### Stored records
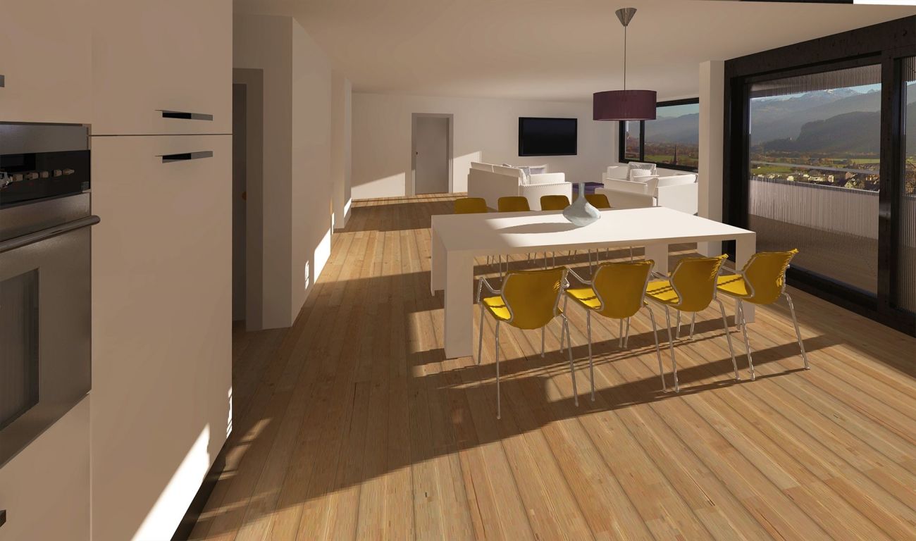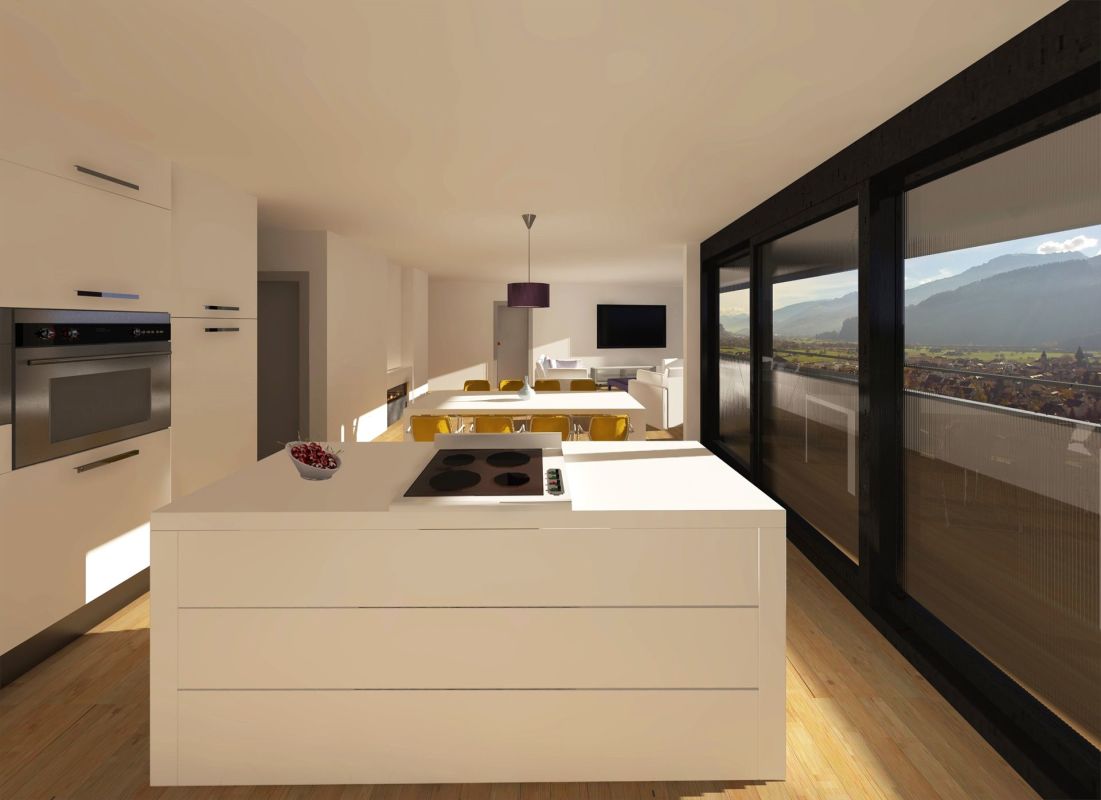 Die Wohnungen sind alle sehr gut besonnt. Grosse, überdachte Loggien resp. Sitzplätze sind den Wohnungen zugeordnet. Die Küchen bieten ausreichend Platz und sind zusammen mit dem Wohnbereich offen gestaltet, so dass lichtdurchflutete und grosszügige Räume entstehen.
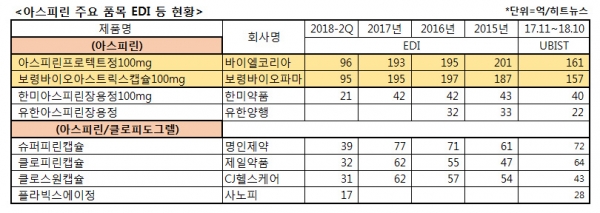 히트뉴스가 2015~2018년 상반기까지 건강보험청구(EDI) 데이터를 기반으로 아스피린 시장을 분석한 결과, 아스피린프로텍트는 올 상반기까지 96억을 청구하면서 95억을 기록한 보령바이오파마의 ‘보령바이오아스트릭스캡슐100mg'을 간발의 차로 따돌리고 1위에 올라섰다.
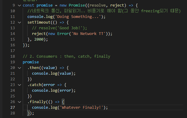 이제 Consumer입장에서 then, catch, finally를 해본다.
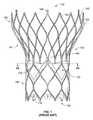 Stent102 may also include a plurality of commissure features166 for attaching the commissure between two adjacent leaflets tostent102. Commissure features166 may lie at the intersection of fourcells162, two of the cells being adjacent one another in the same annular row, and the other two cells being in different annular rows and lying in end-to-end relationship. Preferably, commissure features166 are positioned entirely withinannulus section140 or at the juncture ofannulus section140 andtransition section141. Commissure features166 may include one or more eyelets which facilitate the suturing of the leaflet commissure tostent102.
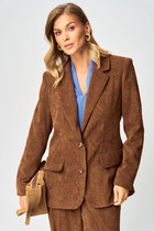 Жакет женский, прямого силуэта, укороченный, на подкладке. Выполнен из текстильной, фактурной ткани серого цвета, рисунок елочка. Характеристика: горловина стойка с хлястиком, застегивается на петлю с пуговицей. Застежка центральная бортовая, застегивающаяся на петли, пуговицы. Подплечники. Брендированная подкладка. Рукав втачной двухшовный, по низу рукава вставлена рюша из тонкой хлопковой ткани. Рюша притачная. По низу рукава нашиты пуговицы. Спинка с двумя рельефными швами. Длина жакета по спинке 43 см. Длина рукава без рюши 63 см.
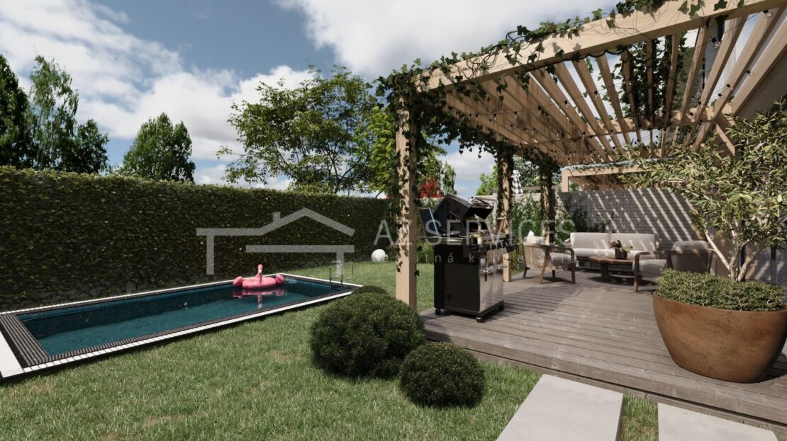 – priestranný obývací priestor s kuchyňou (42,35 m²) a priamym vstupom na terasu (18,21 m²) a záhradu (51,93 m²)
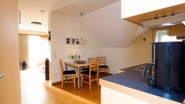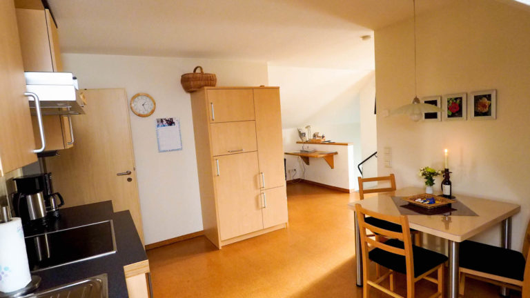 Modern, freundlich und komplett ausgestattet. Wir bieten Ihnen neben Kühlschrank inkl. Gefrierfachen, Backofen und Ceranfeld zur Nutzung an. Außerdem gehören eine Mikrowelle, ein Toaster, Wasserkocher, Stabmixer, Kaffeemaschine, Geschirrspülmaschine und einen Eierkocher zur Ausstatung der Ferienwohnung. Viele Kleinigkeiten ergänzen das Küchensortiment. So lässt sich auch schon mal schnell ein Frühstück an unseren Küchentisch zaubern.
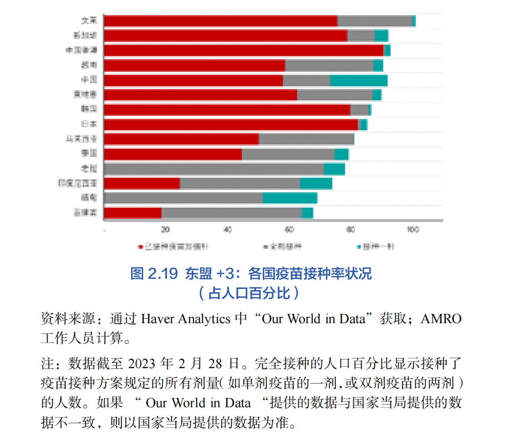 2022年以來,該地區終于在疫情防控中取得決定性勝利,可以預期更全面的開放和更強勁的經濟復蘇。特別是東盟地區(圖2.18),得益于其國內需求的強勁反彈,東盟地區在2022年呈現出比+3地區經濟體更強勁的增長。新冠病毒抑制措施的取消釋放了被壓抑多年的需求,消費支出和投資總額激增。更重要的是,盡管2023年初出現了大規模的奧密克戎感染事件,但較高的新冠病毒疫苗接種率(包括初次接種和加強針接種)使東盟經濟體重新保持開放的趨勢(圖2.19),對國際游客重新開放邊境大幅促進了那些依賴旅游業的經濟體的增長。
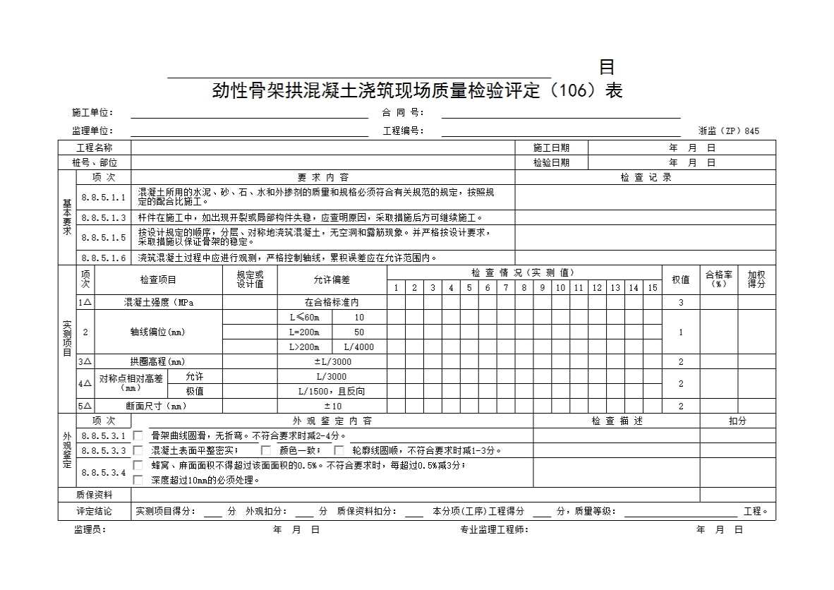 表格名称:845 劲性骨架拱混凝土浇筑现场质量检验(评定)表
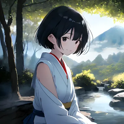 満月の夜空の下、雪の上にいる笑顔の狼少女のイラストです。
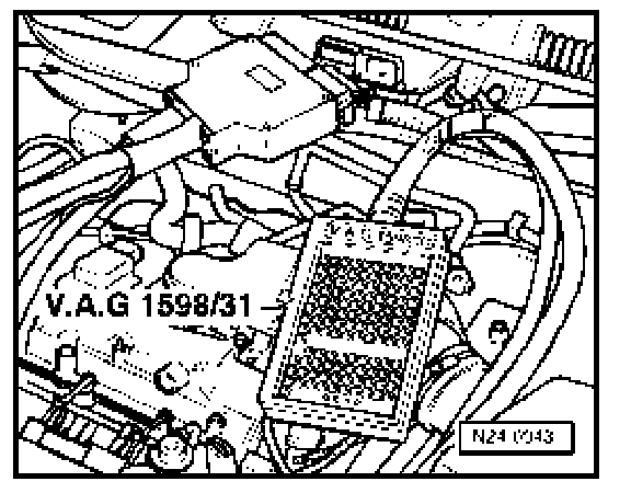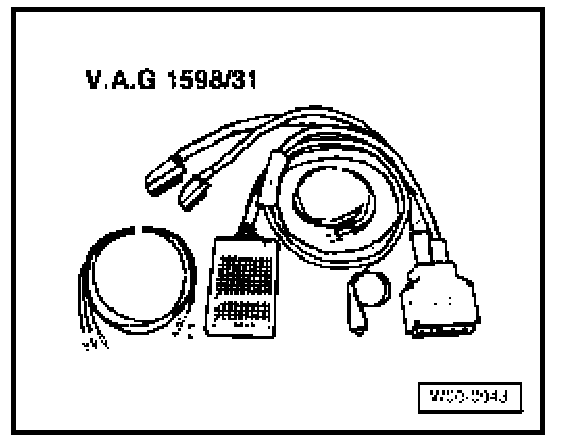 - Connect VAG1598/31 test box at control module wiring harness. Engine Control Module (ECM) is not connected.

### What is being asked
Return each entry exactly as it appears above, but exclude the pictures.

### Problem solution
 Die Wohnungen sind alle sehr gut besonnt. Grosse, überdachte Loggien resp. Sitzplätze sind den Wohnungen zugeordnet. Die Küchen bieten ausreichend Platz und sind zusammen mit dem Wohnbereich offen gestaltet, so dass lichtdurchflutete und grosszügige Räume entstehen.
 히트뉴스가 2015~2018년 상반기까지 건강보험청구(EDI) 데이터를 기반으로 아스피린 시장을 분석한 결과, 아스피린프로텍트는 올 상반기까지 96억을 청구하면서 95억을 기록한 보령바이오파마의 ‘보령바이오아스트릭스캡슐100mg'을 간발의 차로 따돌리고 1위에 올라섰다.
 이제 Consumer입장에서 then, catch, finally를 해본다.
 Stent102 may also include a plurality of commissure features166 for attaching the commissure between two adjacent leaflets tostent102. Commissure features166 may lie at the intersection of fourcells162, two of the cells being adjacent one another in the same annular row, and the other two cells being in different annular rows and lying in end-to-end relationship. Preferably, commissure features166 are positioned entirely withinannulus section140 or at the juncture ofannulus section140 andtransition section141. Commissure features166 may include one or more eyelets which facilitate the suturing of the leaflet commissure tostent102.
 Жакет женский, прямого силуэта, укороченный, на подкладке. Выполнен из текстильной, фактурной ткани серого цвета, рисунок елочка. Характеристика: горловина стойка с хлястиком, застегивается на петлю с пуговицей. Застежка центральная бортовая, застегивающаяся на петли, пуговицы. Подплечники. Брендированная подкладка. Рукав втачной двухшовный, по низу рукава вставлена рюша из тонкой хлопковой ткани. Рюша притачная. По низу рукава нашиты пуговицы. Спинка с двумя рельефными швами. Длина жакета по спинке 43 см. Длина рукава без рюши 63 см.
 – priestranný obývací priestor s kuchyňou (42,35 m²) a priamym vstupom na terasu (18,21 m²) a záhradu (51,93 m²)
 Modern, freundlich und komplett ausgestattet. Wir bieten Ihnen neben Kühlschrank inkl. Gefrierfachen, Backofen und Ceranfeld zur Nutzung an. Außerdem gehören eine Mikrowelle, ein Toaster, Wasserkocher, Stabmixer, Kaffeemaschine, Geschirrspülmaschine und einen Eierkocher zur Ausstatung der Ferienwohnung. Viele Kleinigkeiten ergänzen das Küchensortiment. So lässt sich auch schon mal schnell ein Frühstück an unseren Küchentisch zaubern.
 2022年以來,該地區終于在疫情防控中取得決定性勝利,可以預期更全面的開放和更強勁的經濟復蘇。特別是東盟地區(圖2.18),得益于其國內需求的強勁反彈,東盟地區在2022年呈現出比+3地區經濟體更強勁的增長。新冠病毒抑制措施的取消釋放了被壓抑多年的需求,消費支出和投資總額激增。更重要的是,盡管2023年初出現了大規模的奧密克戎感染事件,但較高的新冠病毒疫苗接種率(包括初次接種和加強針接種)使東盟經濟體重新保持開放的趨勢(圖2.19),對國際游客重新開放邊境大幅促進了那些依賴旅游業的經濟體的增長。
 表格名称:845 劲性骨架拱混凝土浇筑现场质量检验(评定)表
 満月の夜空の下、雪の上にいる笑顔の狼少女のイラストです。
 - Connect VAG1598/31 test box at control module wiring harness. Engine Control Module (ECM) is not connected.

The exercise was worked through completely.